Given information: Begin
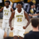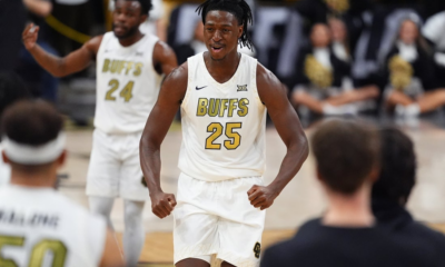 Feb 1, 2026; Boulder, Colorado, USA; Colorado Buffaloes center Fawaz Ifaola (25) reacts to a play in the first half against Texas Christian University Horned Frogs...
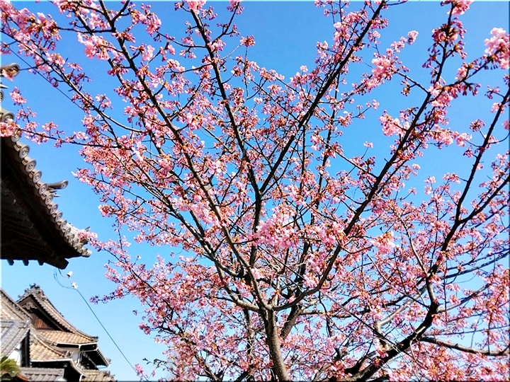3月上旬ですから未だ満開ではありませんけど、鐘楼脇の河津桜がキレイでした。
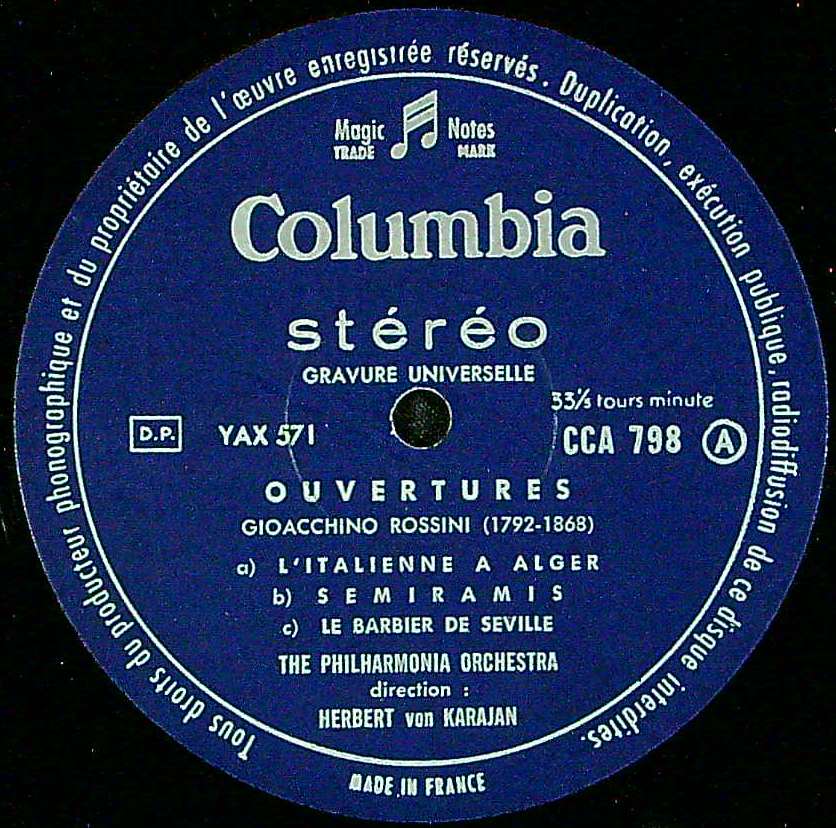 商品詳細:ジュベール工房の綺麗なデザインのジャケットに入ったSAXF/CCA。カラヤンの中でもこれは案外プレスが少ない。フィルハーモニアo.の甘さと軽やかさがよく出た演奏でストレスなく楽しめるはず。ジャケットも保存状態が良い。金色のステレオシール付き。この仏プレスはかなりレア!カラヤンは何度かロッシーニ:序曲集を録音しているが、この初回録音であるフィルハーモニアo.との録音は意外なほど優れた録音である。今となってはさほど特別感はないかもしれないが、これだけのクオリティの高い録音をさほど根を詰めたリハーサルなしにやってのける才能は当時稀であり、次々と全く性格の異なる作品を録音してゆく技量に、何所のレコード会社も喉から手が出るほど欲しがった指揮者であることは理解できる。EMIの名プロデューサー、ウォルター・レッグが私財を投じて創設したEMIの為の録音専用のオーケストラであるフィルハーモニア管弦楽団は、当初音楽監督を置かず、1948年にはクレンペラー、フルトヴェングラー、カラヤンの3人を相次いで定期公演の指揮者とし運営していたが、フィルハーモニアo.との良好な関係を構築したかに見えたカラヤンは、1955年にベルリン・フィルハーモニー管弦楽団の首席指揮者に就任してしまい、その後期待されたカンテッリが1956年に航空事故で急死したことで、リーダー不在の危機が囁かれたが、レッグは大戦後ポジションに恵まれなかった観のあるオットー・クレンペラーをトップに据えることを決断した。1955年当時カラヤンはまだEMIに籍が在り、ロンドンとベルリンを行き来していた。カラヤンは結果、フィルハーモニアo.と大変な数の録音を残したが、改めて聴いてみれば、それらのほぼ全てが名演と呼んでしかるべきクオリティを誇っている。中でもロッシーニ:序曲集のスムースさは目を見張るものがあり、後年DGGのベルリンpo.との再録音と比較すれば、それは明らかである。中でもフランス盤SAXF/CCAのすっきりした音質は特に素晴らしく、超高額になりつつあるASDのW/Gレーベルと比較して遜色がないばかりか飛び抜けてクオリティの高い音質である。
Given information: End
Given information: Begin
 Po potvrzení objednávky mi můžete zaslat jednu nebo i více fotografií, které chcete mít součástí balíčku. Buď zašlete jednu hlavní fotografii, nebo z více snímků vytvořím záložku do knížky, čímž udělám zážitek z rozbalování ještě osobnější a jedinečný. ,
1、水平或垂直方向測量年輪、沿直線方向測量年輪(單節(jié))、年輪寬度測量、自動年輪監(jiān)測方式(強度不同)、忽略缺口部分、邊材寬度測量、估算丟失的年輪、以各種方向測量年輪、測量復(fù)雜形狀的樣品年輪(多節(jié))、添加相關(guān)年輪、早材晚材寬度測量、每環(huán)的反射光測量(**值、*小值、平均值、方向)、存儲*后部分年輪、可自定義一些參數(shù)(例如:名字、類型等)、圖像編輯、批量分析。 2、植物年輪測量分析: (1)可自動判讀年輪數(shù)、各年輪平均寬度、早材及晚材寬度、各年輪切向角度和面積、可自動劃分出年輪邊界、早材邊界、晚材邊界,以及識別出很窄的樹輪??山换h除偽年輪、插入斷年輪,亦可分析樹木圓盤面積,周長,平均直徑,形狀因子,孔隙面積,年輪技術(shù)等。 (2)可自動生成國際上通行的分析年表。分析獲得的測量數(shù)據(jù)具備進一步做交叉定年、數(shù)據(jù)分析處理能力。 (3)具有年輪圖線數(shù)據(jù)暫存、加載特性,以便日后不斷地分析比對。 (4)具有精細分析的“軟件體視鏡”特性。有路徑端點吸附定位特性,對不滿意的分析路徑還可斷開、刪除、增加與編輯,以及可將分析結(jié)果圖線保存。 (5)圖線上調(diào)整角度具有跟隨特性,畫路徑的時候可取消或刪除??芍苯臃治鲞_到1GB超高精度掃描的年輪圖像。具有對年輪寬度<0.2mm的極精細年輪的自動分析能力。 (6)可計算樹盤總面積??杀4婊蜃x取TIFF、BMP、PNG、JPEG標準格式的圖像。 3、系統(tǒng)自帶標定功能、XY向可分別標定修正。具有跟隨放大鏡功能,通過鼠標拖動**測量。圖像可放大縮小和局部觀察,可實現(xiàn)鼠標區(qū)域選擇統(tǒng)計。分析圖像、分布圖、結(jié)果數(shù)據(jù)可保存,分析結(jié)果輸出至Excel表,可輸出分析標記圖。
Given information: End
Given information: Begin
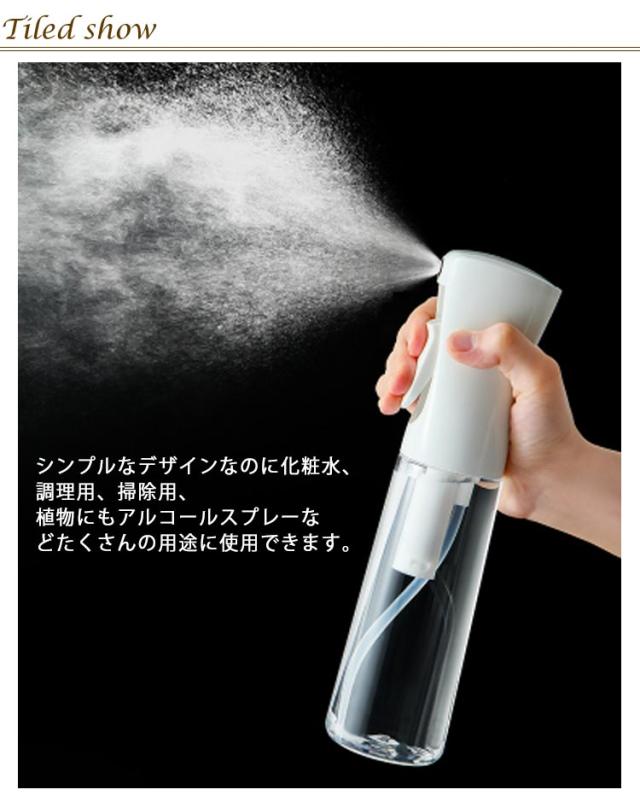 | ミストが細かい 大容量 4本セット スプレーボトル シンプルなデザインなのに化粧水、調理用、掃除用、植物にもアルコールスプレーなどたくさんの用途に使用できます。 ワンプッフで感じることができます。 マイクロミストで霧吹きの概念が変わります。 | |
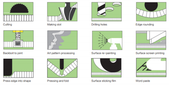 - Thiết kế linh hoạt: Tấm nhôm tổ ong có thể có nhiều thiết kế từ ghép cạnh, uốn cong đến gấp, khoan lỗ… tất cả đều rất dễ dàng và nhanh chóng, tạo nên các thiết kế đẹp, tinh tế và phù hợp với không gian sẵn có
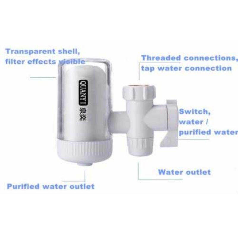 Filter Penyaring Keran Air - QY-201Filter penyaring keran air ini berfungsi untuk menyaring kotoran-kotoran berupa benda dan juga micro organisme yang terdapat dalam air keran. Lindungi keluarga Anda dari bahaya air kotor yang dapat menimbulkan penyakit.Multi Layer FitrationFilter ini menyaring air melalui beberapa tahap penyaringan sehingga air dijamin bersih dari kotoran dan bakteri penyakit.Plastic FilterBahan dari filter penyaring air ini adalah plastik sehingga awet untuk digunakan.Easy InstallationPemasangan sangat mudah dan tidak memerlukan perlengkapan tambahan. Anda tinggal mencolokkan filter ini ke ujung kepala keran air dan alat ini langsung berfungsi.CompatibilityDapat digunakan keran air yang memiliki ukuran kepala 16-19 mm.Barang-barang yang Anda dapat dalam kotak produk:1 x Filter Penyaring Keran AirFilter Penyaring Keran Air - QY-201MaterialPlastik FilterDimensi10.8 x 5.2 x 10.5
Given information: End
▸ Your assignment
Looking above, find the stretch of lines that opens with the one holding "Feb 1, 2026;" and closes with the one holding "3月上旬ですから未だ満開ではありませんけど、鐘楼脇の河津桜がキレイでした。". Copy it exactly, pictures excluded.

▸ Result for this task
 Feb 1, 2026; Boulder, Colorado, USA; Colorado Buffaloes center Fawaz Ifaola (25) reacts to a play in the first half against Texas Christian University Horned Frogs...
3月上旬ですから未だ満開ではありませんけど、鐘楼脇の河津桜がキレイでした。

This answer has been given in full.